UNITED STATES
SECURITIES AND EXCHANGE COMMISSION
WASHINGTON, D.C. 20549
FORM 8-K/A
Amendment No. 1
CURRENT REPORT
Pursuant to Section 13 or 15(d) of the Securities Exchange Act of 1934
Date of Report (Date of earliest event reported): December 22, 2020
FAT Brands Inc.
(Exact name of Registrant as Specified in Its Charter)
Delaware | 001-38250 | 82-1302696 | ||
(State or Other Jurisdiction of Incorporation) | (Commission File Number) | (IRS Employer Identification No.) |
9720 Wilshire Blvd., Suite 500 Beverly Hills, CA | 90212 | |
(Address of Principal Executive Offices) | (Zip Code) |
Registrant’s Telephone Number, Including Area Code: (310) 319-1850
Not Applicable
(Former Name or Former Address, if Changed Since Last Report)

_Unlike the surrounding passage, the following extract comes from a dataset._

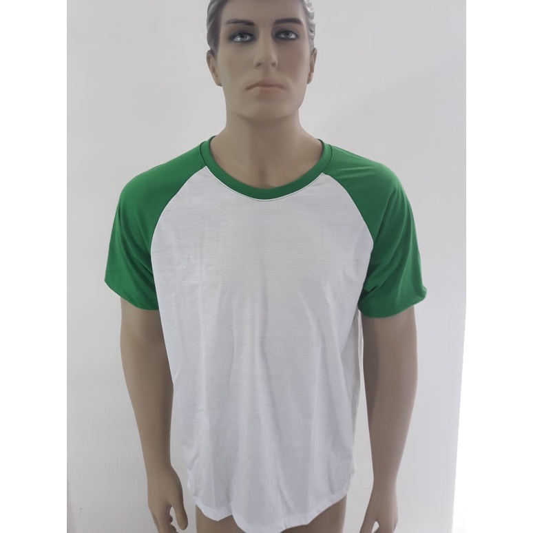 Camiseta Raglan manga Verde com corpo branco 100% Poliéster pronta entrega e com envio imediato

Check the appropriate box below if the Form 8-K filing is intended to simultaneously satisfy the filing obligation of the registrant under any of the following provisions (see General Instructions A.2. below):
[ ] | Written communications pursuant to Rule 425 under the Securities Act (17 CFR 230.425) |
[ ] | Soliciting material pursuant to Rule 14a-12 under the Exchange Act (17 CFR 240.14a-12) |
[ ] | Pre-commencement communications pursuant to Rule 14d-2(b) under the Exchange Act (17 CFR 240.14d-2(b)) |
[ ] | Pre-commencement communications pursuant to Rule 13e-4(c) under the Exchange Act (17 CFR 240.13e-4(c)) |
Securities registered pursuant to Section 12(b) of the Act:
Title of each class | Trading Symbol(s) | Name of each exchange on which registered | ||
Common Stock, par value $0.0001 per share | FAT | The Nasdaq Stock Market LLC | ||
Series B Cumulative Preferred Stock, par value $0.0001 per share | FATBP | The Nasdaq Stock Market LLC | ||
Warrants to purchase Common Stock | FATBW | The Nasdaq Stock Market LLC |
Indicate by check mark whether the registrant is an emerging growth company as defined in Rule 405 of the Securities Act of 1933 (§ 230.405 of this chapter) or Rule 12b-2 of the Securities Exchange Act of 1934 (§ 240.12b-2 of this chapter).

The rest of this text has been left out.